I know, it sounds so backwards to us Canucks, but I guess it's true. Plaster aside, though, coating all p/k is old school. Not to diss guys doing p/k all the way, but if a 2 man team can polish 16,000-20,000 board feet of 9 foot in under 10 hours with p/k, I'd be impressed.


----------



## Bevelation

brdn_drywall said:


> anyone that says a used 12" knife is not concave,crowned,or worped is only fooling themselves, i've only been in this racket for about 12 yrs. and have used both knives and trowels, if you hold up a 12" used knife and look down the edge you'll without any dought see a hook through it (perfect for butts if you have the wiping finess to coat with it) but when loading bead the center of the crown is closer to the drywall thats being loaded thus taking more material off. If you hold up a finishing trowel and look down the edge i'll be straight (mines about 8 yrs. old still straight), ya there are drawbacks to a trowel like knuckling in corners, and sloped ceilings with beams that create a tight angle that you can't get your edge into when holding handle,you guys that access to both should try this coat one side of bead with a knife and one side with a trowel let dry and check with a straight edge.


I agree, 12" knives aren't concave, crowned or warped.....until you put pressure on the knife to finish your work. 

Knuckling with a trowel? Solution: if you're right handed, work from left to right; with tops, work the top joints before the ceiling butts if there are any that join.
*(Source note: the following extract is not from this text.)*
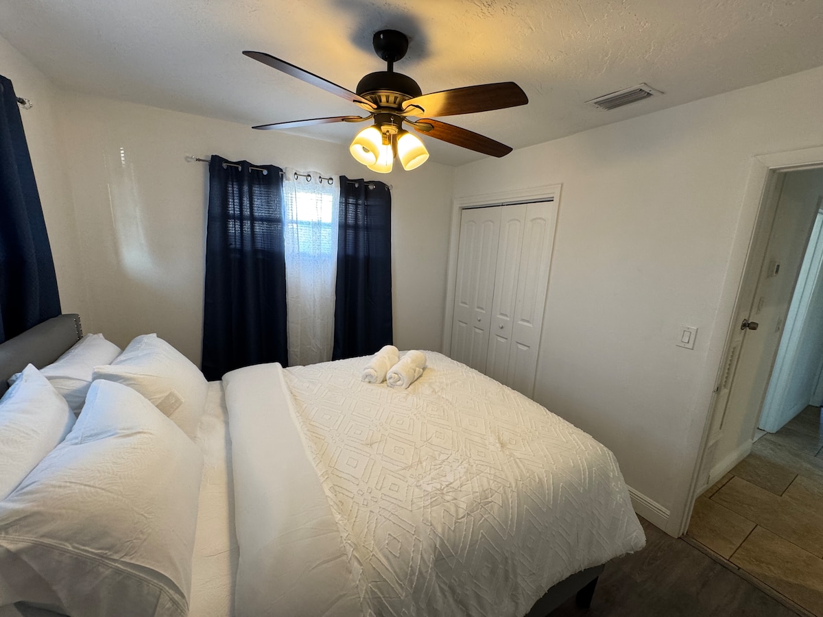 Luxurious Private Studio w/ Private Entrance (440 sq ft- can fit 3 people/2 cars) is attached to our home & 1.7 miles from beach & adjacent to Ft Lauderdale. Park under the covered carport. 1 Queen Bed (& 1 Queen Size-Blow Up Mattress), 1 Bath, Kitchenette, Fiber Optic Wifi, Flat Screen TV (140 channels), Impact Windows, Huge Closet, Fan/light, AC w/ remote, Desk, Chair, fold up/down Table for eating w/ chairs, small Fridge, Microwave, Toaster Oven, Foreman Grill, Hot Plate Stove, Coffee Maker.
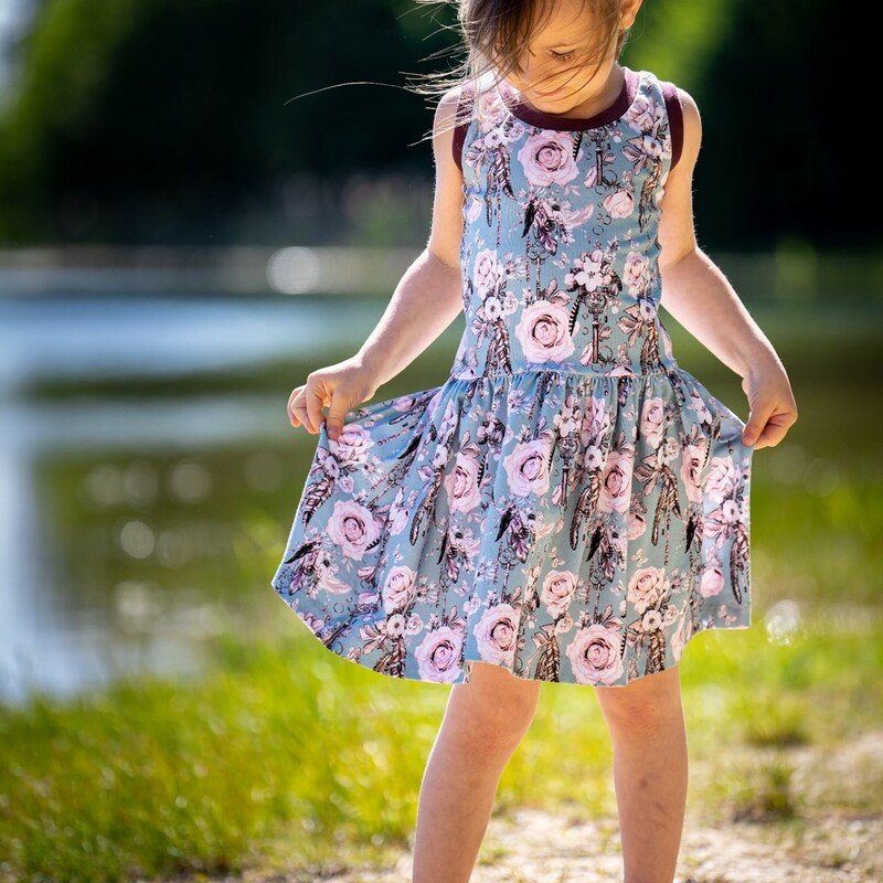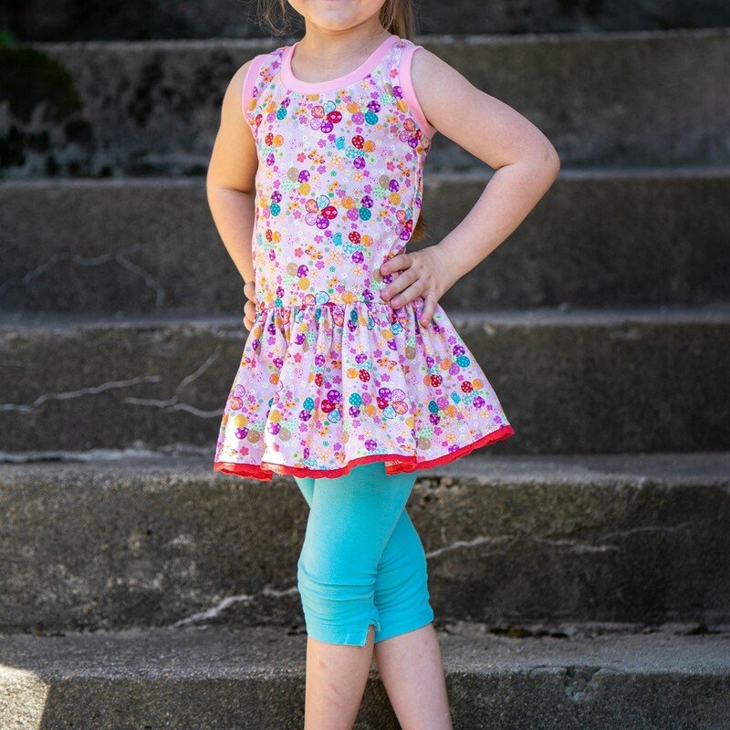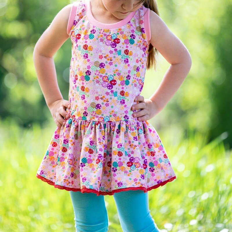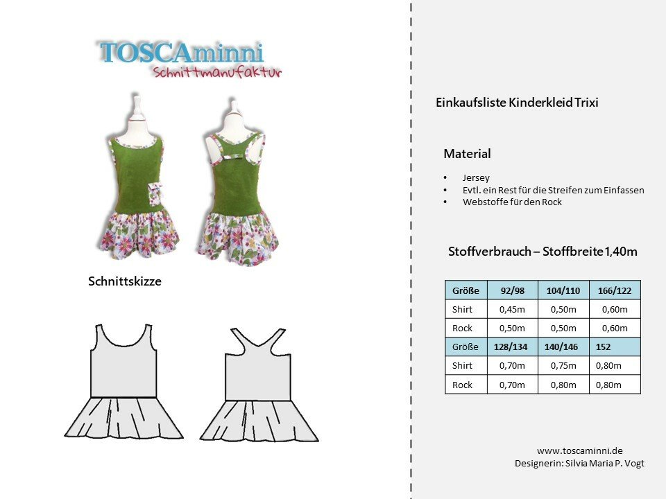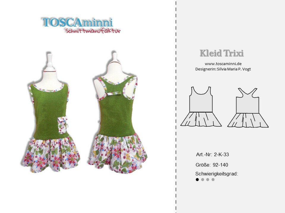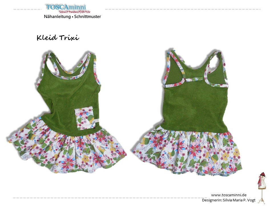 Schnittmuster für ein Sommerkleid mit einem angesetzem Rock. Das Oberteil ist als Tanktop gestaltet, als Hingucker wird es vorne mit einem kleinen Täschchen verziert. Die Nähanleitung ist bebildert, so dass auch Anfänger den Schnitt nachnähen können. Eine Overlock wäre von Vorteil.

Caving problems can happen with trowels, too. A lot of the time it's just the operator, ie., if the mud is mixed heavy for loading up bead, you could wipe too much off because of having to press to hard to flatten it without any wobble.


----------



## FOR THOSE ABOUT

Hey MudMaster... all I do is piece work...as a white chick...maybe I do not understsand the Toronto term for piece work, but I wouldn't mind meeting Mike Holmes and licking him in the teeth. Besides all the B.S. we bid all of our jobs no T & M


----------



## FOR THOSE ABOUT

Bottom Line...doesn't really matter now does it as long as we had some respect for the teachers! As students we are going to go out and try our own things whether we come back to what we originally learned or some offspring doesn't really matter as long as the finished product is the same...perfect


----------



## silverstilts

Everyone has there preferences , I do believe the hawk and trowel was most likely a carry over from the old plastering but that is neither here nor there , it is how you use them you can argue all you want there are pros and cons on both , i use to use a hawk and trowel now just strictly a knife man and i like the new knives for the weight but don't use them still use the old gold-b wooden handle which will not bow as much as the new knives , just something i grew accustom to , and the only one i use is a 10" which i don't seem to see the need to go to a 12 or wider , can do super work no matter how wide i have to go on the seams just something i learned . I had a worker that told me once the guy that trained him in started him out on butt seams if it didn't look right he made him go to a smaller knife until it was done right , sounds kinda backwards but helped him master a good technique for finishing. To each his own as long as it works who cares and , who is to say anything right!!!!!!


----------



## [email protected]

Strictly matter of personal preference in my humble opinion, but I (& all my finishers) use pan and knife. I was taught w/ hawk and crown trowel for butts, however if you check hi/lo sides of butt doesn't matter except finished product. I still use hawk and straight trowel on hand textures. My finishers do not own a hawk or trowel.


----------



## joepro0000

We can look at the gods of drywall stores, like Ames, and all they sell is knifes and pans. Ames has one of the best knifes, (with the yellow handle). So we know Knifes and Pans is know the drywaller tools. Hawks and Trowels are only the old plasters tools or masons/stucco guys.


----------



## brdn_drywall

ya i geuss i was apprenticed by an old dog that was born a taper like his old man was, had it in my hands for to many years to really give the pan and knife proper consieration, but if it isn't broke why fix it.


----------



## Bevelation

^I was apprenticed in Canada, where even the 1 out of 20 pan and knife guys own a hawk and trowel. It's not like I had the choice, but the tool of choice is obvious to me. Don't worry, pal. You're not alone.


joepro0000 said:


> We can look at the gods of drywall stores, like Ames, and all they sell is knifes and pans. Ames has one of the best knifes, (with the yellow handle). So we know Knifes and Pans is know the drywaller tools. Hawks and Trowels are only the old plasters tools or masons/stucco guys.


Only.....

Fascinating contrast from what is seen where I am as opposed to where you're seated.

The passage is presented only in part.